Methods: U251 glioblastoma cells were transfected with a CAIX siRNA construct utilizing lipofectamine 2000 (Invitrogen) as transfection reagent. As control served a non specific sequence siRNA. The cells were incubated in a humified 5% CO2 modular with either 21% oxygen and 25 mM glucose in the culture medium (ctrl.) or 0% oxygen plus 125 mM glucose (glycolysis). Cells were radiated using a linear accelerator with 10 Gy; TMZ treatment was performed at a concentration of 50 µM. Suppression of CAIX expression by siRNA was investigated by quantitative RTPCR and Western Blot. Cell toxicity was measured by a colorimetric assay (AQ assay, Promega), apoptotic cell death was investigated by annexin V labeling.

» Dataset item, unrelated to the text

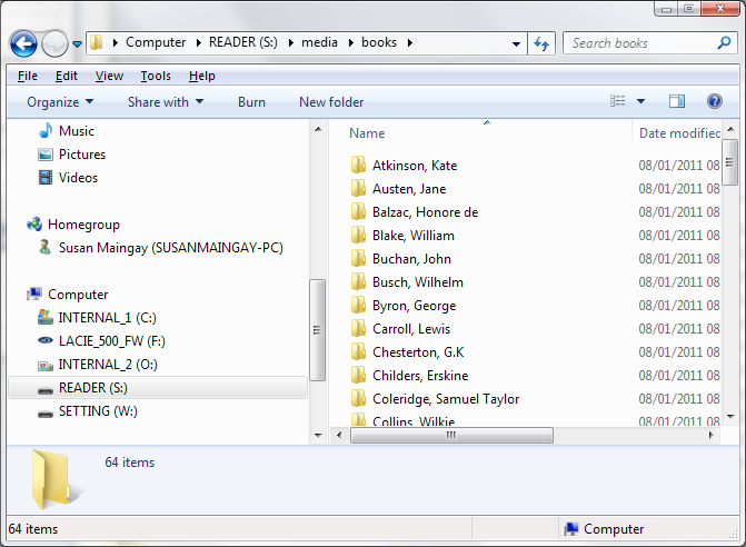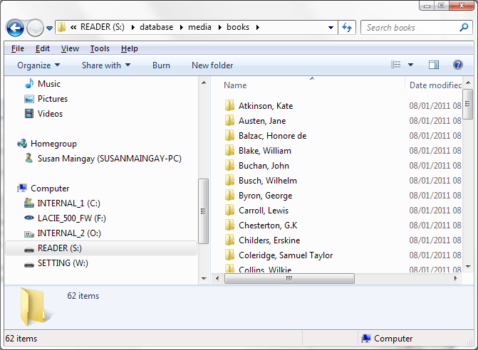 {author_sort}/{title} - {authors} ... so at least this is consistent. I'm wondering if the slightly odd folder structure arises after "russification"... At the moment on my PRS-650 my books are stored in one location only: S:\database\media\books ... so at least I'm in the default place. There is also, and confusingly, a (now empty folder) at S:\media\books. As it's empty and not causing problems I'll work on the "if it ain't broken, don't try to fix it" principle - and accept a little uncertainty in my life ![]() Best C: |
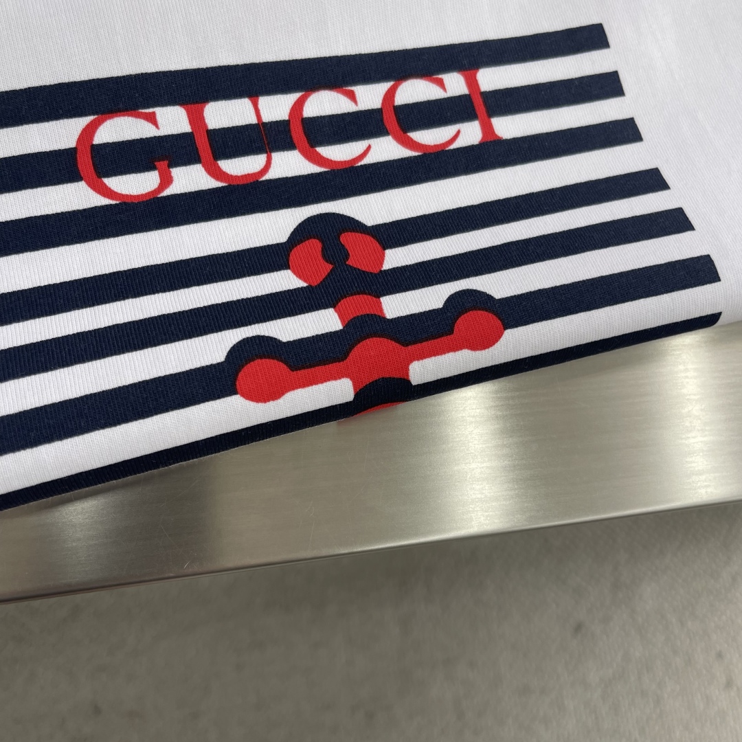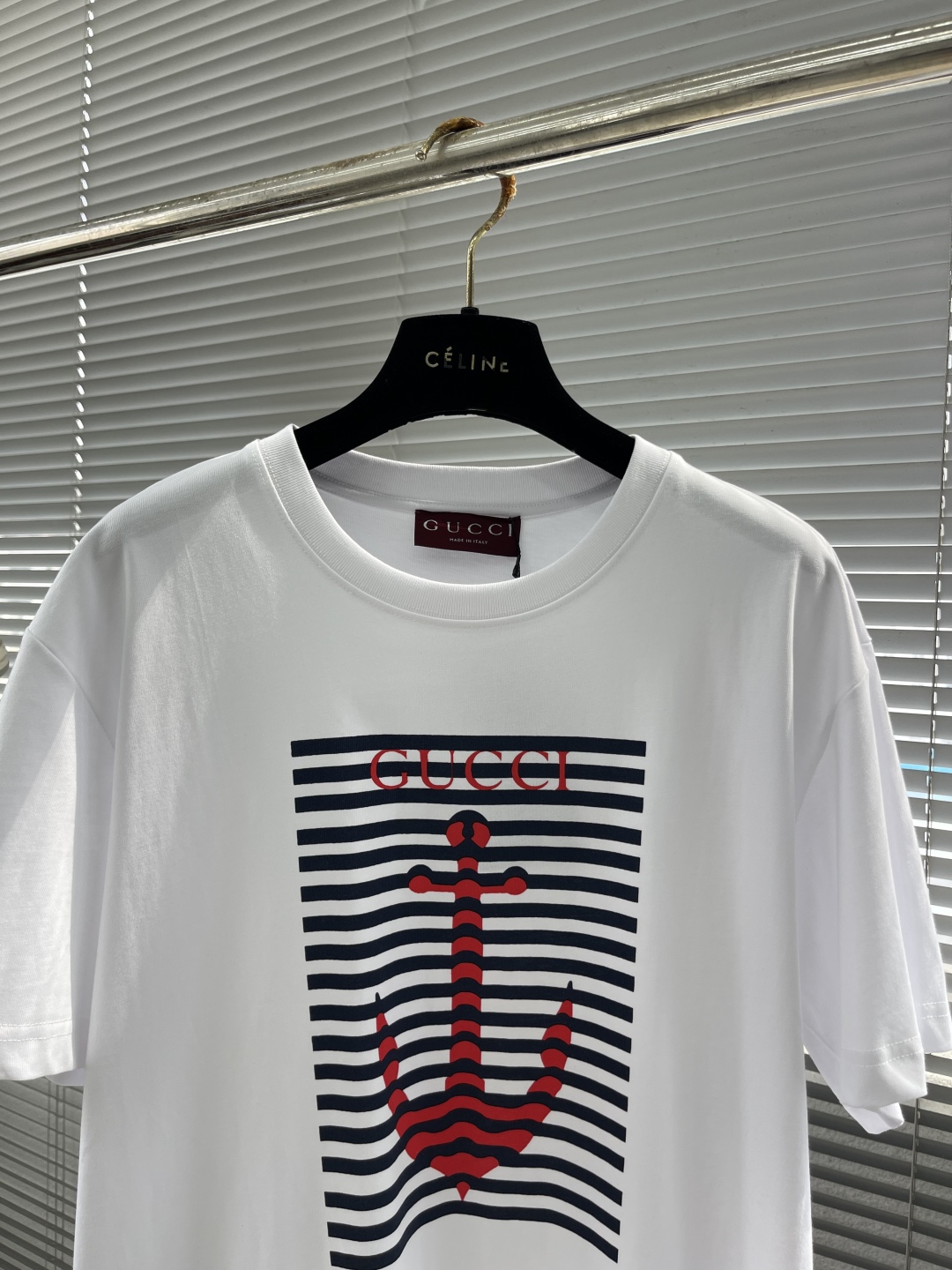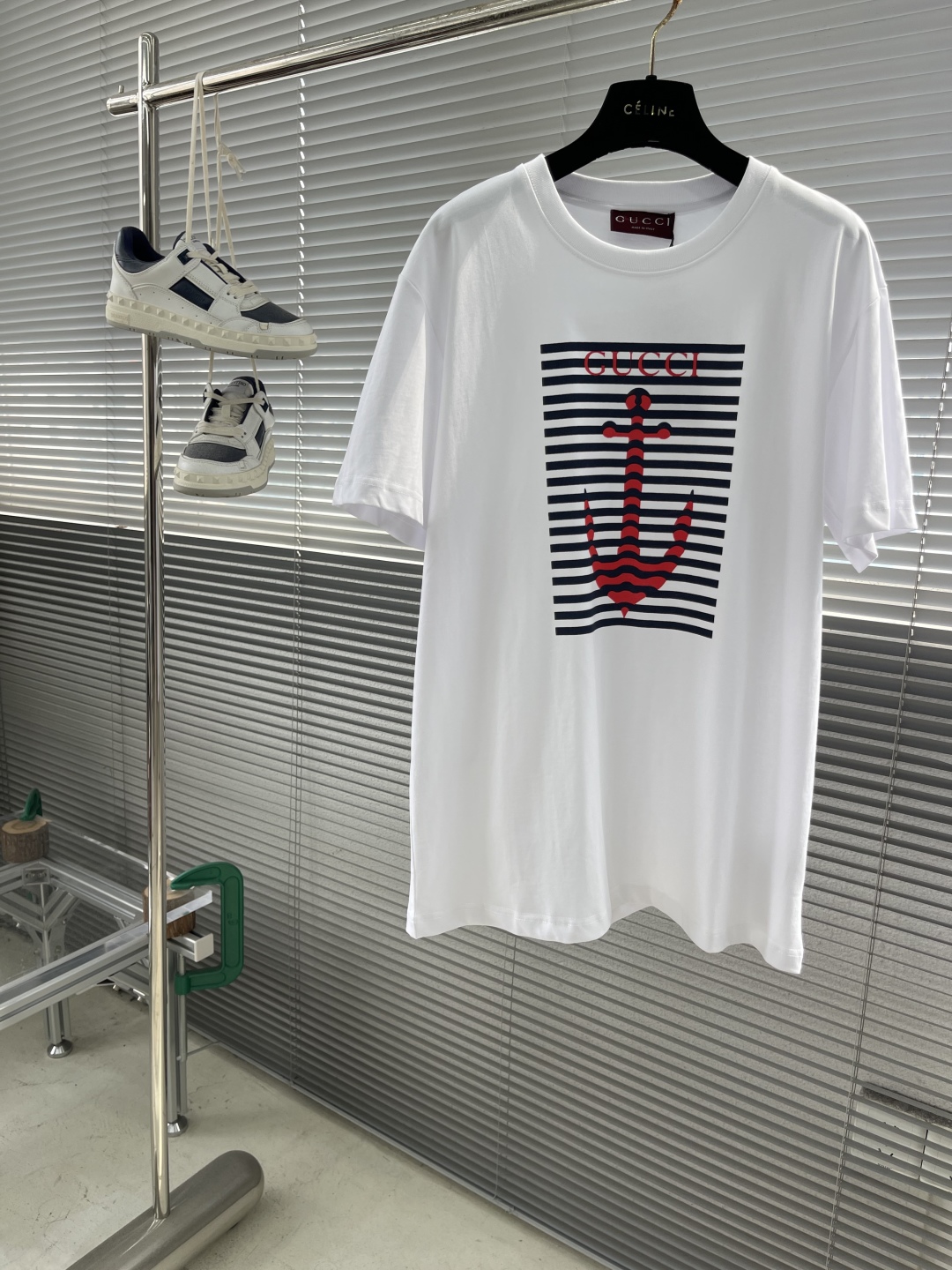 グッチ 偽物 ボーダー柄 アンカーロゴTシャツ ホワイト メンズ 夏服 カジュアル

Results: Transfection with sequence specific siRNA lead to a 90% reduction of both CAIX mRNA and protein expression compared to the non specific control siRNA. Knockdown of CAIX expression caused a significantly higher efficacy of radiation and chemotherapy particularly under glycolytic conditions. In addition, annexin V labeling demonstrated an increased number of apoptotic cells upon CAIX knockdown in both treatment arms compared to the non specific control.
Conclusions: Our data demonstrate that CAIX overexpression, which has been found in more than 90% of all glioblastomas, reduces efficacy of adjuvant treatment such as chemotherapy and radiation treatment. Blocking CAIX activity may therefore be an additional target for glioblastoma treatment.